Sabikui Bisco, Vol. 7

By Shinji Cobkubo and K Akagishi. Released in Japan by Dengeki Bunko. Released in North America by Yen On. Translated by Jake Humphrey.

I had wondered in previous reviews why Sabikui Bisco wasn’t simply in Shonen Jump, given its sensibilities, its dialogue, and its homoeroticism, but I think after this volume I’ve figured it out. Jump is a title where, if the author said “hey, I’ve decided that for the next 26 weeks I want this series to be a samurai drama starring a bunch of cats”, editorial would say, “No, you will not be doing that”. But this isn’t a Jump manga, it’s a light novel series, and the sky’s the limit. So we not only get a samurai drama starring cats, but it is as ridiculously overblown as everything else in Bisco. That said, fear not, because despite the samurai cats, this absolutely feels like a Sabikui Bisco title, it has some hilarious and fantastic dialogue, and its homoeroticism is higher than ever, despite, as always, a strong finish for heteronormativity. The two will simply have to exist. It’s a good thing they’re related.

Bisco is not having a good time at the start of this book. He’s dragged away from a rakugo performance he was enjoying by Pawoo, who did not appreciate that the performance was in fact attacking her. Despite being, supposedly, in wedded bliss, he’s feeling bored and full of wanderlust. And, oh yes, everyone suddenly starts growing cat ears and tails and behaving like cats. Including, of course, Pawoo ad Tirol. The answer lies in the underground nation of Byoma, which is inhabited by intelligent cats, who were affected by the disaster that led to the world of Sabikui Bisco just like everyone else. Their world and Bisco’s are now connected thanks to that reality-bending arrow he and Milo used last time, so they’ve got to go fix it… assuming that they can avoid becoming cats themselves!

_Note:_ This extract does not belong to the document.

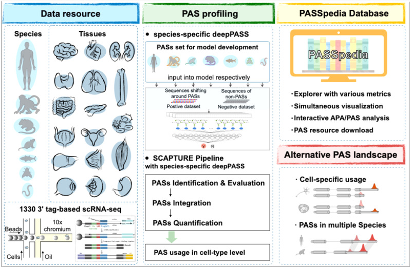 真核(mRNA)的成熟依赖于多种共转录及转录后事件的协同调控,包括5'端加帽、(可变)剪接、RNA编辑/修饰以及3'端(多聚腺苷酸化,polyadenylation)加尾等多个关键步骤。多聚腺苷酸化加尾作为一种重要的加工过程,广泛参与RNA命运和功能调控,对于RNA的稳定性、亚细胞定位及翻译效率等至关重要。因此,精确鉴定多聚腺苷酸化位点(polyadenylation sites, PAS)及可变多聚腺苷酸化(alternative polyadenylation, APA)事件,对于深入揭示其生物学功能及生理病理的调控机制具有重要意义。传统的PAS鉴定方法一般依赖于特殊的3'序列富集测序(如3'-READS等),研究组前期开发了一种基于深度学习模型的单细胞精度PAS鉴定分析流程SCAPTURE(Li et al., Genome Biol, 2021),可从3'-tag单细胞测序数据中实现PAS位点的准确识别、筛选和定量。在这一项最新的研究中,团队进一步构建了物种特异的PAS位点分析流程SCAPTURE v2,利用海量3'-tag单细胞测序数据实现了多物种中单细胞精度的PAS位点准确识别,进一步揭示了物种间PAS位点的选择偏好,并据此构建了多物种PAS大百科全书数据库PASSpedia,其涵盖七物种、多组织的单细胞PAS位点搜索、浏览、分析、比较和下载等功能(图1),为PAS鉴定及其调控的相关研究提供了跨物种数据支持。

This is a particularly hilarious volume, with a lot of choice lines I don’t want to spoil, and features a lot of cat-related puns and cool action scenes. But it does have a serious core at its heart, one that ties the cat samurai stuff in with Bisco’s ongoing plot. The world of Byoma is suffering because, years ago, a samurai and his true love could not separate love and duty, and everything went to hell as a result. Now she is back, ready to destroy the world and remake it in her own image (well, in the image of monster mushrooms, because this is Sabikui Bisco, and everything is mushrooms, let’s face it). But this conflict, and also seeing it literally from the villainess’ point of view (which leads to the funniest line in the book) allows Bisco to resolve his own angst. He’s been trying to be understanding to Pawoo, who is governor and has a lot of responsibility. That’s why he’s not wandering around with Milo being slightly gay. Only… are those his only two choices?

It remains to be seen whether this series, which is very fond of literally hurling Pawoo away from the book for the majority of the pages, will feature her heavily in the next volume. Till then, this was a hell of a lot of fun.